XSIAM : détecter les intrusions en quelques minutes
La technologie phare de l’entreprise, baptisée XSIAM, promet une détection et une remédiation en temps réel des activités malveillantes. Son objectif : identifier les intrusions dans le système d’information « dans l’ordre de la minute ».
Cette performance exige l’ingestion d’un volume massif de données provenant de multiples sources : terminaux, cloud, réseau. La corrélation automatisée de ces informations devient cruciale.
« Nous sommes très forts sur la détection en entrée qui doit être temps réel », affirme Etienne Bonhomme, avant d’ajouter : « Il faut trier ces données, faire de la corrélation et de l’automatisation avec des agents qui vont épauler les analystes. »
Des partenaires pour renforcer l’expertise
Pour déployer efficacement XSIAM, Palo Alto Networks s’appuie sur un écosystème de partenaires français. Bouygues Telecom, Nomios et Orange Business ajoutent une couche de services et d’expertise opérationnelle indispensable.

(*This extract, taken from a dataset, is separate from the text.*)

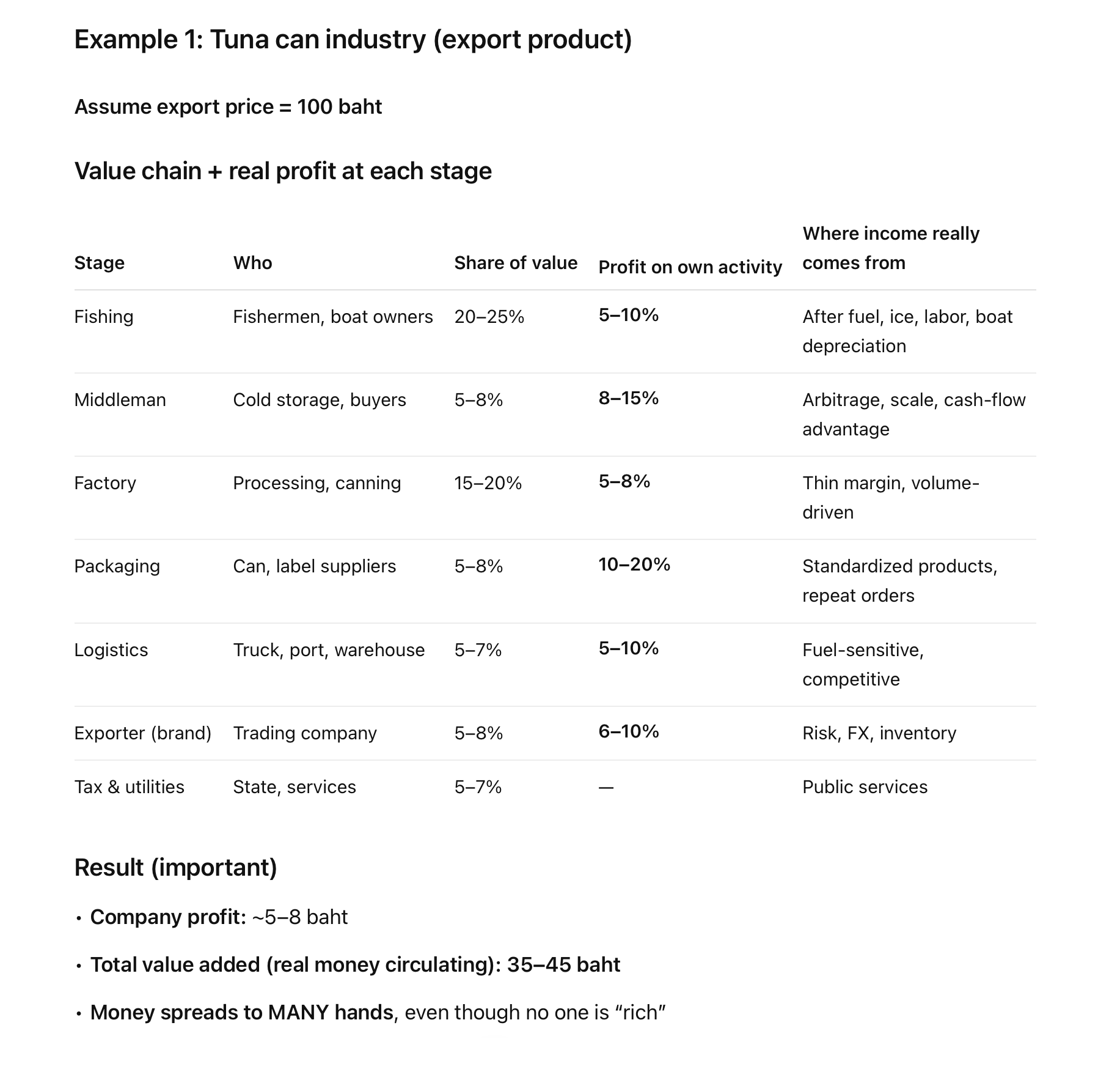 3. Layer 3: value added คือ เงินจริง ที่หมุนเวียนในสังคม บริษัท ส่งออกปลากระป๋อง บะหมี่สำเร็จรูป รายงานผลประกอบการ เห็นเป็นตัวเลขกำไร ...% แต่ในชีวิตจริง เงินที่หมุนเวียนลงไปอีก บริษัท logistic ได้กำไรไป ...% trader ได้ไป ...% โรงงานผลิต ...% พ่อค้าคนกลาง ...% เรือประมงหาปลา ชาวนาปลูกข้าว ...%

Rationaliser pour mieux protéger
Un constat émerge des analyses : les entreprises utilisent en moyenne 83 solutions de sécurité différentes, fournies par 29 éditeurs distincts. Cette fragmentation nuit à l’efficacité et génère des coûts excessifs.
L’approche consolidée défendue par Palo Alto Networks vise à simplifier cette architecture tout en améliorant la réactivité face aux menaces. Dans un contexte où chaque minute compte, la rationalisation devient un impératif stratégique autant qu’économique.